├── README.md
├── input
    └── README.md
├── insight_testsuite
    ├── run_tests.sh
    └── tests
    │   └── test_1
    │       ├── README.md
    │       ├── input
    │           ├── order_products.csv
    │           └── products.csv
    │       └── output
    │           └── report.csv
├── output
    └── README.md
├── run.sh
└── src
    └── README.md


/README.md:
--------------------------------------------------------------------------------
  1 | # Purchase-Analytics
  2 | 
  3 | ## Table of Contents
  4 | 1. [Problem](README.md#problem)
  5 | 1. [Steps to submit your solution](README.md#steps-to-submit-your-solution)
  6 | 1. [Input Dataset](README.md#input-dataset)
  7 | 1. [Instructions](README.md#instructions)
  8 | 1. [Output](README.md#output)
  9 | 1. [Tips on getting an interview](README.md#tips-on-getting-an-interview)
 10 | 1. [Questions?](README.md#questions?)
 11 | 
 12 | ## Problem
 13 | 
 14 | Instacart has published a [dataset](https://www.instacart.com/datasets/grocery-shopping-2017) containing 3 million Instacart orders.
 15 | 
 16 | **For this challenge, we want you to calculate, for each department, the number of times a product was requested, number of times a product was requested for the first time and a ratio of those two numbers.**
 17 | 
 18 | 
 19 | ## Steps to submit your solution
 20 | * To submit your entry please use the link you received in your coding challenge invite email
 21 | * You will only be able to submit through the link one time
 22 | * Do NOT attach a file - we will not admit solutions which are attached files
 23 | * Do NOT send your solution over an email - We are unable to accept coding challenges that way
 24 | 
 25 | ### Creating private repositories
 26 | To avoid plagiarism and any wrongdoing, we request you to submit a private repository of your code. Both GitHub and Bitbucket offer free unlimited private repositories at no extra cost.

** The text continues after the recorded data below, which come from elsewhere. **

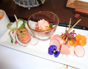 「オードブルの盛合せ」には、合鴨、蟹、帆立を。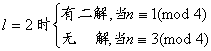 [二次同余式的解数] 设l>0, pn,若p为奇素数,则二次同余式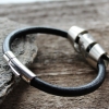 Personalized Secret Message Spinner Bracelet, Leather and Silver Unisex Cuff Bracelet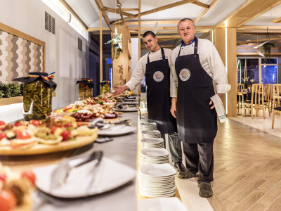 Ne bucuram sa va putem oferi un mic dejun copios in sistem open buffet (în zilele cu peste 30 de persoane la mic dejun) cu o larga selecție de preparate, băuturi, cafea si fructe.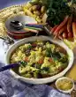 Add the carrots and potatoes about 10 minutes before the end of the cooking time. Clean, wash and cut leek into coarse rings. Add leek for the last approx. 5 minutes. Wash parsley, dab dry, pluck leaves from stems and cut into fine strips. Season stew with salt, pepper, nutmeg and vinegar. Sprinkle with some parsley and serve the rest separately
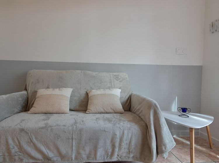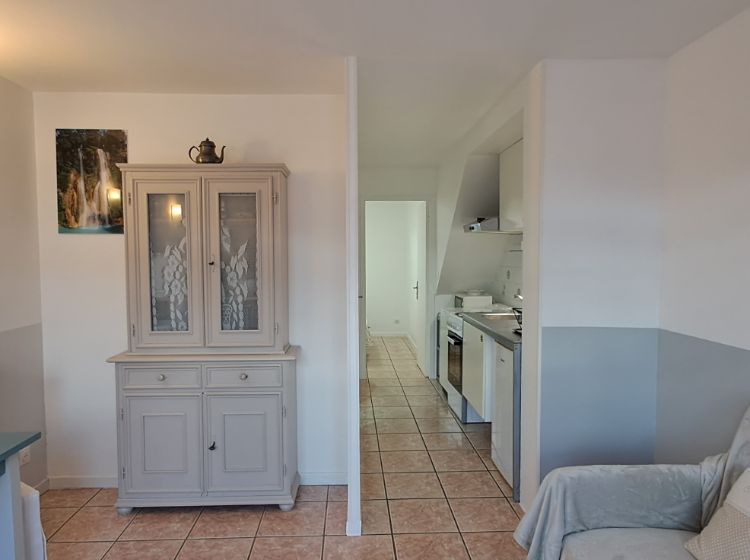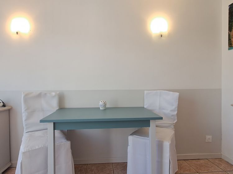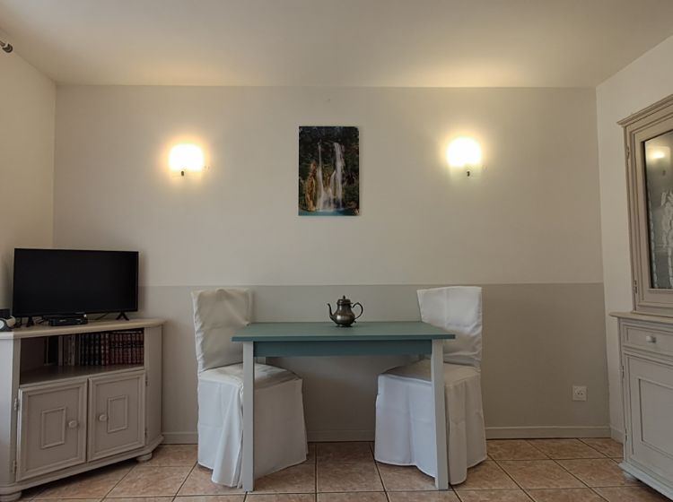 Séjour/coin repas: canapé 2 places, meuble rangement vaisselle, table et 2 chaises, TV parabole TNTSAT.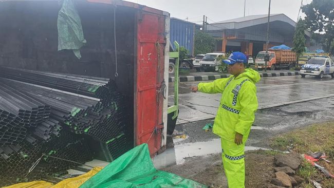 "Sesampai di TKP truk gandeng mengerem kemudian ban bak gandengan belakang tergelincir sehingga menabrak median jalan tengah," terang Wahyu.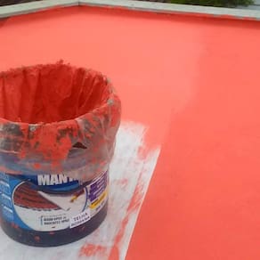 Preferencialmente inicie a impermeabilização da parte superior para a inferior do telhado.Aplique uma primeira demão em abundância da mantatec líquida pura diretamente no telhado, em abundancia com uma brocha ou pincel largo.

 27 | * Create a private repository on GitHub or Bitbucket with the given repository structure. Here is how you will be sharing your private repositories for us to see once you are ready to submit.
 28 | * Add "insight-cc-bot" as a collaborator in your project.
 29 |   * [How to add collaborators on GitHub?](https://help.github.com/articles/inviting-collaborators-to-a-personal-repository/)
 30 |   * [How to add users and groups as collaborators in Bitbucket?](https://confluence.atlassian.com/bitbucket/grant-repository-access-to-users-and-groups-221449716.html)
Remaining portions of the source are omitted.